*INPUT DATA*.
***
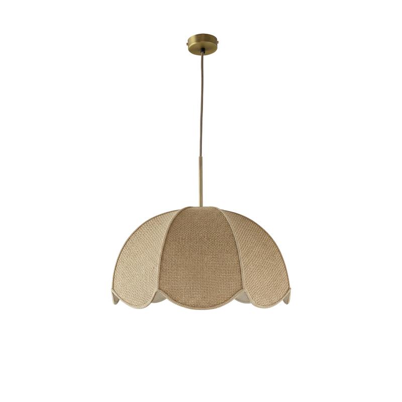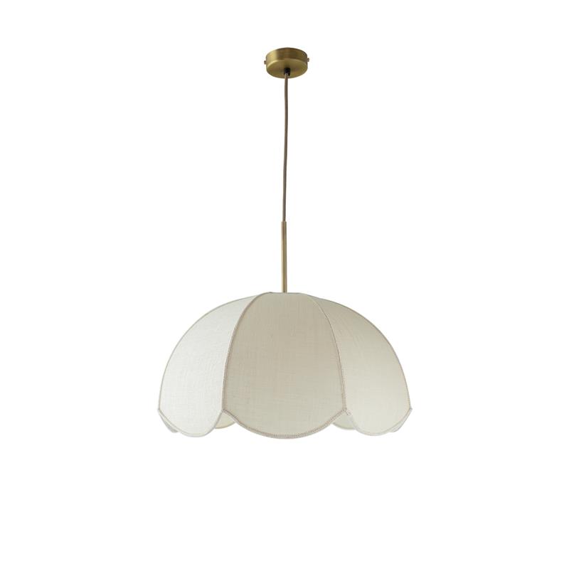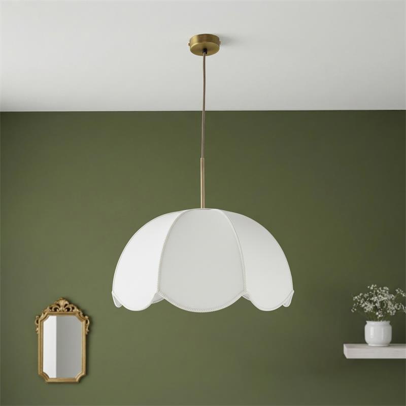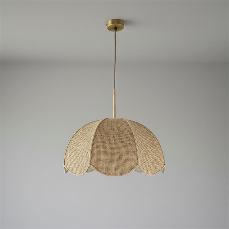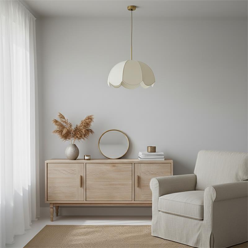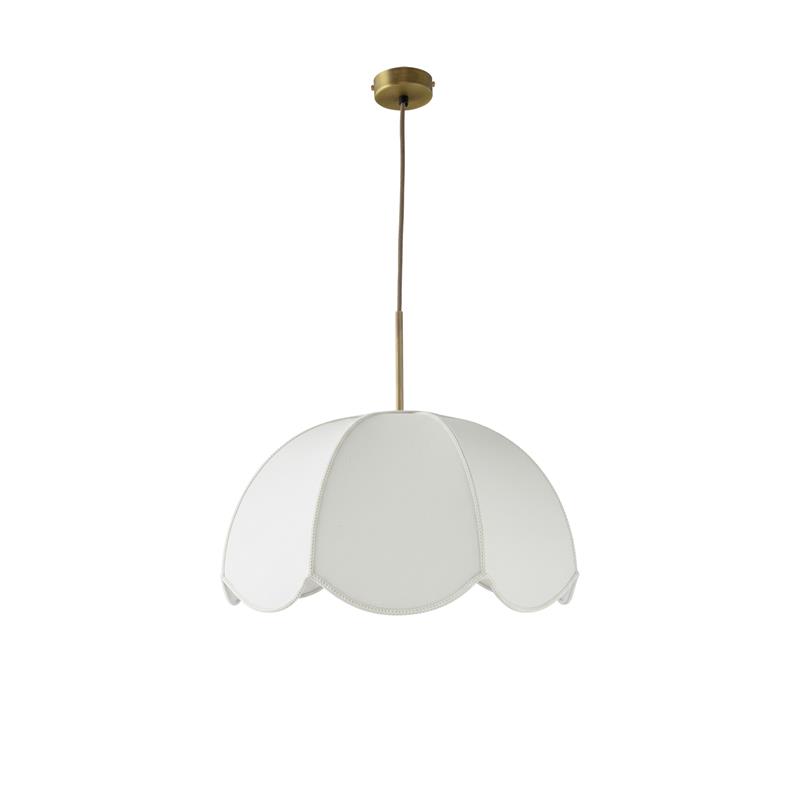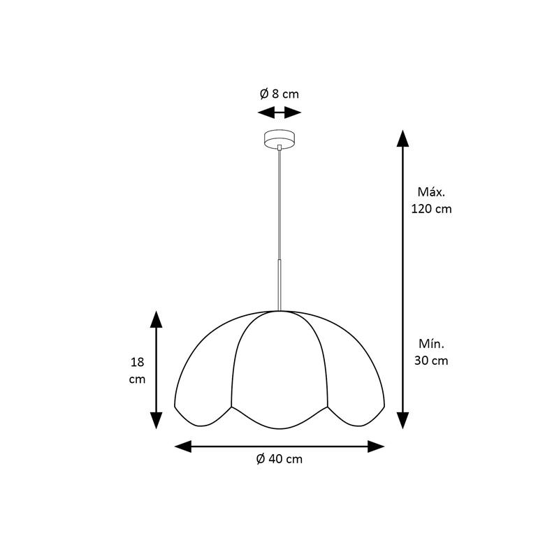 Serie VALENTINA. Fabricado en tejido en color blanco ,metal oro ,cable yute natural. Para su funcionamiento requiere 1 bombilla con casquillo E27. (bombillas no incluidas en la caja) .Apta para bombillas de tecnología Led cuya potencia máxima admitida por casquillo es de 15W. Con unas dimensiones de 40cm ancho por 40cm de profundo y 120cm de alto (regulable en altura de 30cm mínimo y 120cm máximo) y un peso real aproximado de 650 gramos.Muy fácil de limpiar con una gamuza humedecida en agua y jabón neutro, te recomendamos que evites el uso de productos químicos que puedan dañarla.
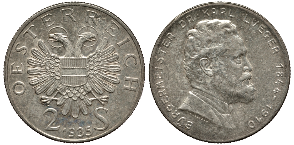 АВСТРИЯ 2 ШИЛЛИНГА 1935 КАРЛ ЛЮГЕР KM 2855 серебро 413-1231
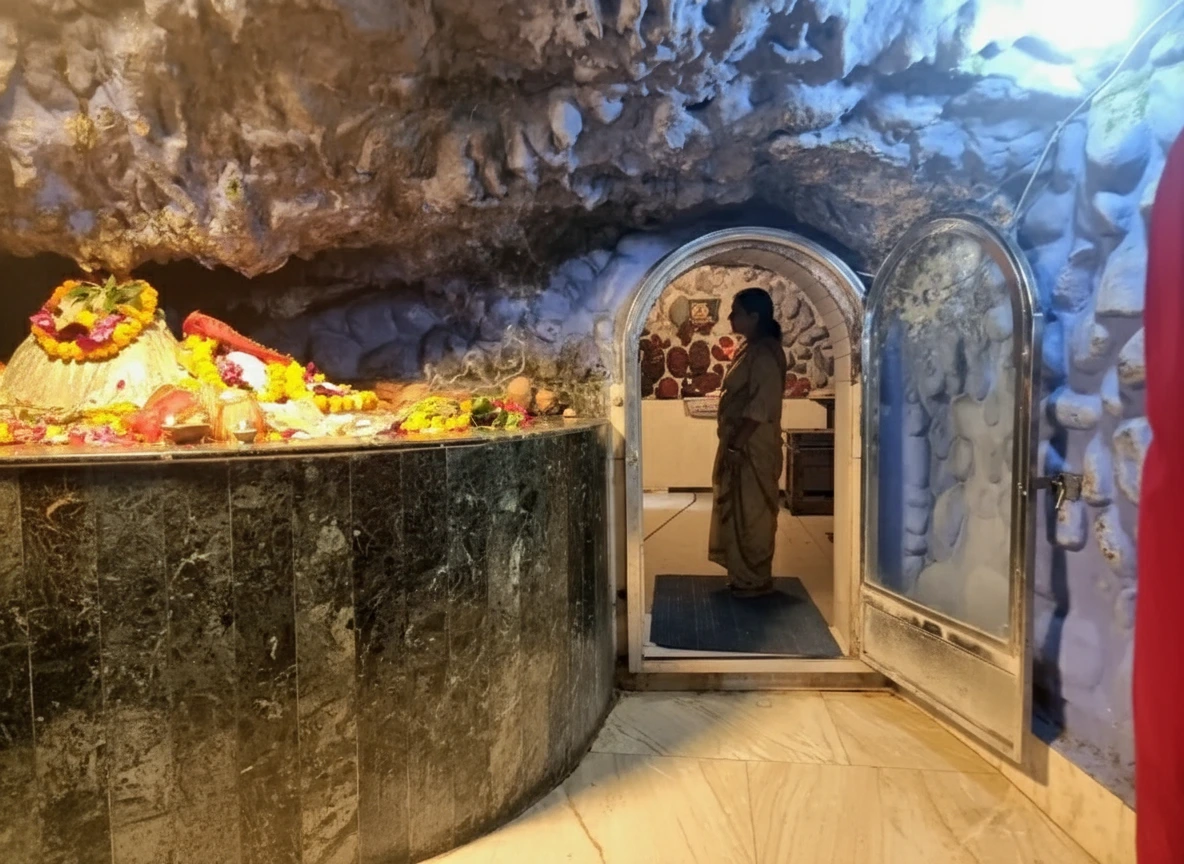 Shiva. The temple features a naturally dripping water stream that falls directly
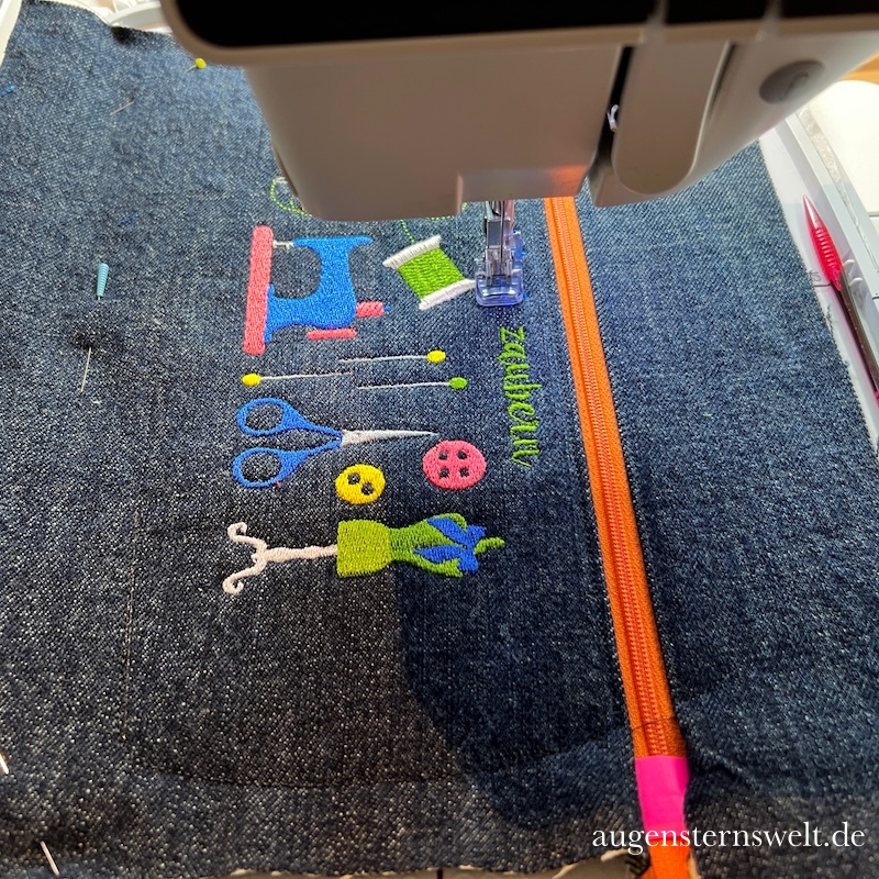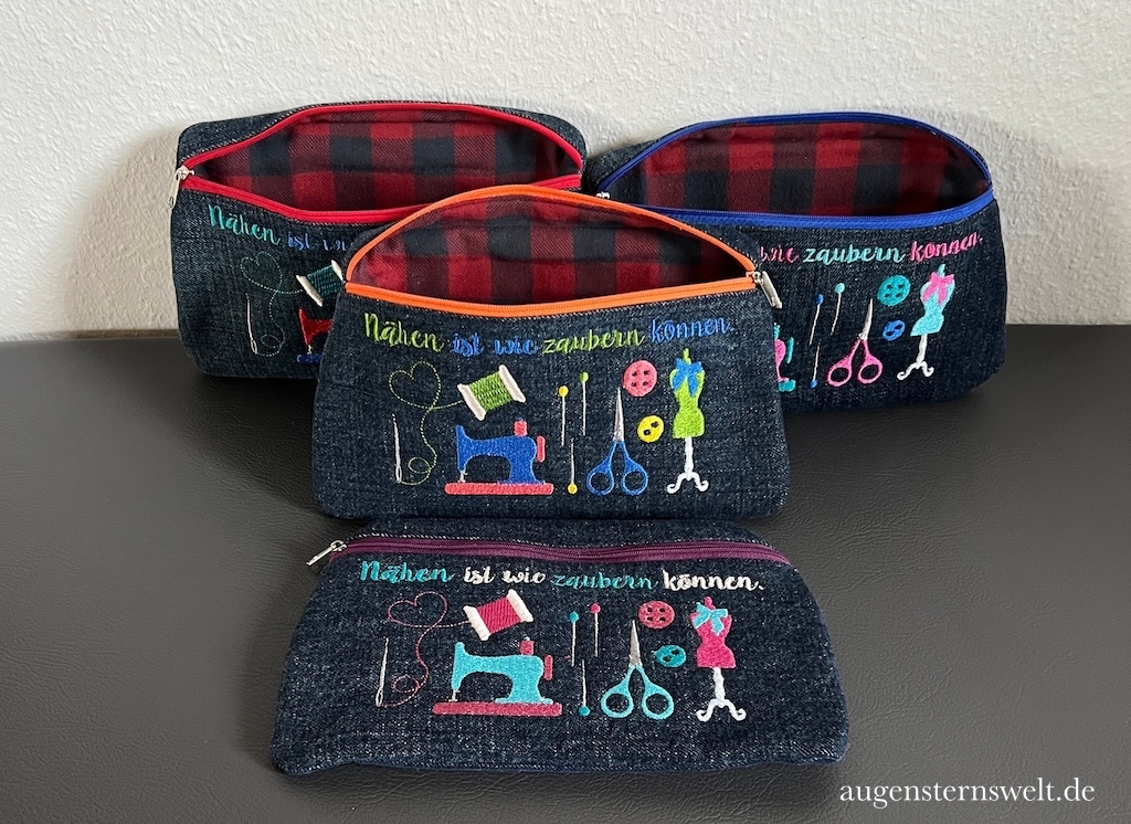 Der Reißverschluss wurde eingenäht, die unterschiedlichen Stickgarnfarben nacheinander gestickt und schließlich wurde das Täschchen direkt im Stickrahmen zusammengenäht. Klar, das Ganze dauerte deutlich länger etwa zwei Stunden pro Täschchen, mit allem Drum und Dran. Danach mussten noch die Sprungfäden abgeschnitten werden. Und am Ende hält man wunderschöne Täschchen in den Händen, die einfach glücklich machen.
***
All lines of the material above should be returned unchanged, but no pictures should be included.

*TASK OUTPUT*.
 Serie VALENTINA. Fabricado en tejido en color blanco ,metal oro ,cable yute natural. Para su funcionamiento requiere 1 bombilla con casquillo E27. (bombillas no incluidas en la caja) .Apta para bombillas de tecnología Led cuya potencia máxima admitida por casquillo es de 15W. Con unas dimensiones de 40cm ancho por 40cm de profundo y 120cm de alto (regulable en altura de 30cm mínimo y 120cm máximo) y un peso real aproximado de 650 gramos.Muy fácil de limpiar con una gamuza humedecida en agua y jabón neutro, te recomendamos que evites el uso de productos químicos que puedan dañarla.
 АВСТРИЯ 2 ШИЛЛИНГА 1935 КАРЛ ЛЮГЕР KM 2855 серебро 413-1231
 Shiva. The temple features a naturally dripping water stream that falls directly
 Der Reißverschluss wurde eingenäht, die unterschiedlichen Stickgarnfarben nacheinander gestickt und schließlich wurde das Täschchen direkt im Stickrahmen zusammengenäht. Klar, das Ganze dauerte deutlich länger etwa zwei Stunden pro Täschchen, mit allem Drum und Dran. Danach mussten noch die Sprungfäden abgeschnitten werden. Und am Ende hält man wunderschöne Täschchen in den Händen, die einfach glücklich machen.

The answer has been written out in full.